Single CPU thread multi-GPU array reduction/sharing

I have written an application that extracts sightlines through hydrodynamics simulations, which is successfully accelerated on a single GPU using OpenACC. Here is some (pseudo)code showing the style of parallelism:

int N = 30000000;     /* size of simulation, e.g. SPH particles or grid cells */
double *simulation;   /* some hydro quantity like fluid density */
double *x_sim;        /* coordinates of simulation quantity */

... /* some further initialization here */

/* Transfer data onto GPU */
#pragma enter data copyin(simulation[0:N], x_sim[0:N])

int L = 10000;       /* number of sightlines to extract */
int G = 2048;        /* number of grid cells along sightline */ 
double *sightlines;  /* the quantity extracted along sightline */
double *x_los;       /* coordinates of sightline grid cells */

... /* some further initialization here */

/* Extract sightlines */
#pragma acc kernels present(simulation[0:N], x_sim[0:N]) copyin(x_los[0:L*G]) copy(sightlines[0:L*G])
#pragma acc loop independent
for (int i = 0; i < L; i++) {
  for (int j = 0; j < N; j++) {
    for (int k = 0; k < G; k++) {
     /* distance from sightline grid cell to simulation cell */
      double factor = abs(x_los[i*G + k] - x_sim[j]) ;
    
      /* extracted quantity weighted by distance */
      sightlines[i*G + k] += simulation[j]/factor;

    } /* loop over a given sightline's grid cells */
  } /* loop over simulation */
} /* loop over sightlines */

#pragma exit data delete(P[0:N], x_sim[0:N])

Note the GPU has a copy of the simulation, and I parallelize the calculation across the sightlines.

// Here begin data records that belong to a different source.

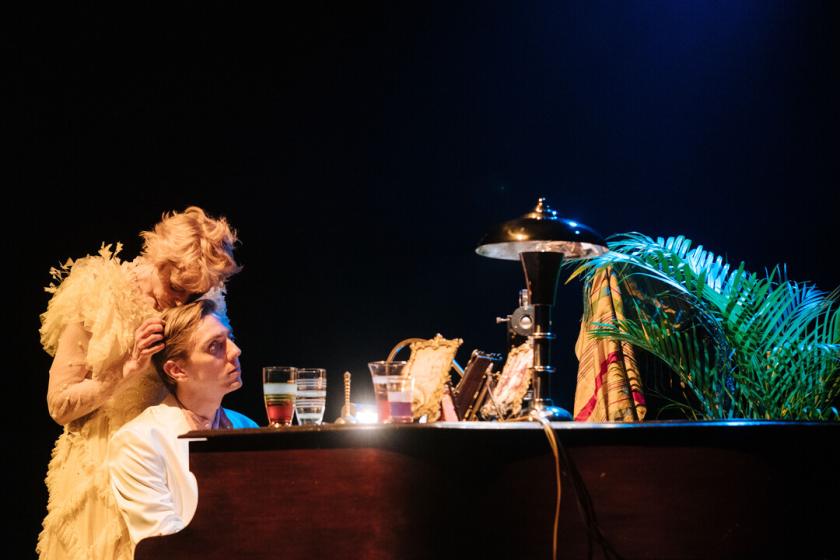 Nicky Lancaster is Coward’s avatar, a young jazz composer who we must believe hides the socially fatal secret of his sexuality under a false engagement to one “Bunty”, and copes with the stress by taking cocaine. His mother, the floridly named Florence Lancaster – who is at one point unkindly characterised as “elderly” but is probably no more than 50 – is equally at social risk for her addiction to quick affairs with young men, but has the money and society status to get away with it for the time being. Neither premise stands up 99 years later, but director Daniel Raggett has attempted to haul and tighten the whole thing into today’s style of speech and behaviour as if to repoint its relevance.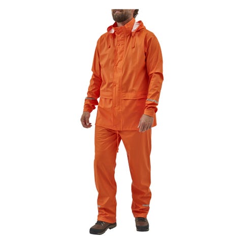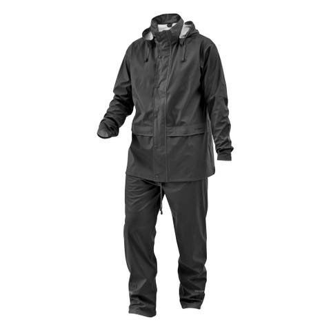 Dette lette, men slitesterk 2-stk regnsett er ideelt for alle utendørs aktiviteter, som fotturer, fiske, hagearbeid, og bygge arbeidsplasser. Den har 2 store lommer med klaff på jakken og to side skrå lommer slik at du kan nå de buksene du har på deg under regn bukse. Det er også en skjult hette i kappen kragen. De elastiske mansjetter og linning vil passe ulike størrelser for å sikre en komfortabel passform. Laget av høykvalitets PVC belagt polyester, har dette regnsettet er vanntett og slitesterk. Vennligst sjekk størrelsene nøye før du kjøper.
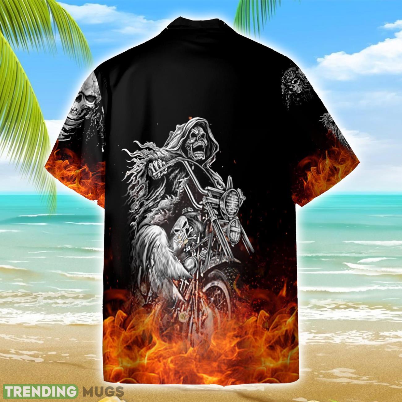 Flame Skull Riding Motobike AOP Hawaiian Shirt Beach Lover Gift Hawaii Shirt Product Photo 2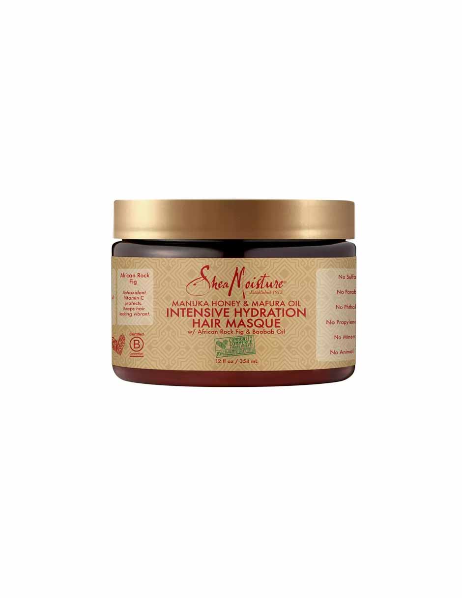 - Mascarilla capilar de hidratación intensiva: este tratamiento capilar de acondicionamiento profundo de SheaMoisture infunde al cabello una poderosa dosis de hidratación.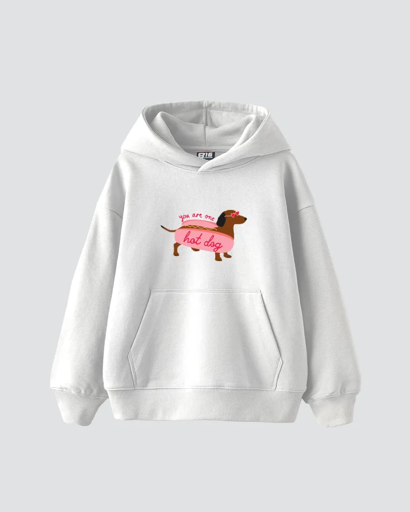 Hot Dog Baskılı Oversize Kadın Beyaz Hoodie

The sightlines are independent, so each gang (thread?) of the GPU can handle a sightline. The sightlines array is shared across the threads in the global GPU memory, but this is memory safe because they will only write to their relevant (non-overlapping) parts.

However I now want to run this application on really big simulations, and for many many sightlines. This means the time to compute one sightline goes up, and also that we start having many more sightlines than GPU threads; both of these factors make the application slow (although of course still faster than running in serial on one CPU!) An obvious next step might be to increase the number of GPUs, taking advantage of the independence of each sightline again. I can give each GPU a copy of the simulation array, and then they can each handle a subset of the sightlines.

Here’s where I am stuck on the best approach to this. Is there an OpenACC way to give the whole sightlines array to each GPU, let them each calculate their own parts (which are independent), and then effectively reduce them back onto the host’s copy of the array? If doing this naively I would expect that each time the GPU transferred back its copy to the host, it would overwrite whatever had been previously written by other GPUs.

If there isn’t a straightforward way to do this in OpenACC then I guess I can manually create sub-arrays for each GPU, and do the reduction on the host afterwards.

Thanks in advance for any help!

What is the output when you compile with -Minfo=accel? I believe there may be some sections of your code that could be further parallelized. Only the outer i loop is currently parallelized; the k-loop can be accelerated and you can hoist simulation[j]/factor up out of the loop, though the compiler may be doing that automatically for you.

Regarding multi-GPUs, using MPI will probably be your best bet. There is currently no way to copy your entire array to each GPU; you will need to decompose the domain and transfer each portion to each individual GPU. However, on transfer back to the host, you could have MPI do a reduction across the ranks.

Thanks for your response!

What is the output when you compile with -Minfo=accel? I believe there may be some sections of your code that could be further parallelized.

So you’re probably right that there could be some extra parallelization possible here. The compiler doesn’t automatically do it, I think because of various (non-restricted) pointers involved in the real code, so the -Minfo=accel output looks like:

        168, #pragma acc loop gang, vector(128) /* blockIdx.x threadIdx.x */
        175, #pragma acc loop seq
        189, #pragma acc loop seq

The middle loop is not independent, but the final loop over sightline grid cells is independent and could be parallelized. I will try adding a

#pragma acc loop independent

to see if that can be parallelized more efficiently.

Regarding multi-GPUs, using MPI will probably be your best bet.

Fair enough, if there’s currently no way to do it with OpenACC alone then MPI or perhaps OpenMP is the easiest way to go. I’ll give that a try. Thanks!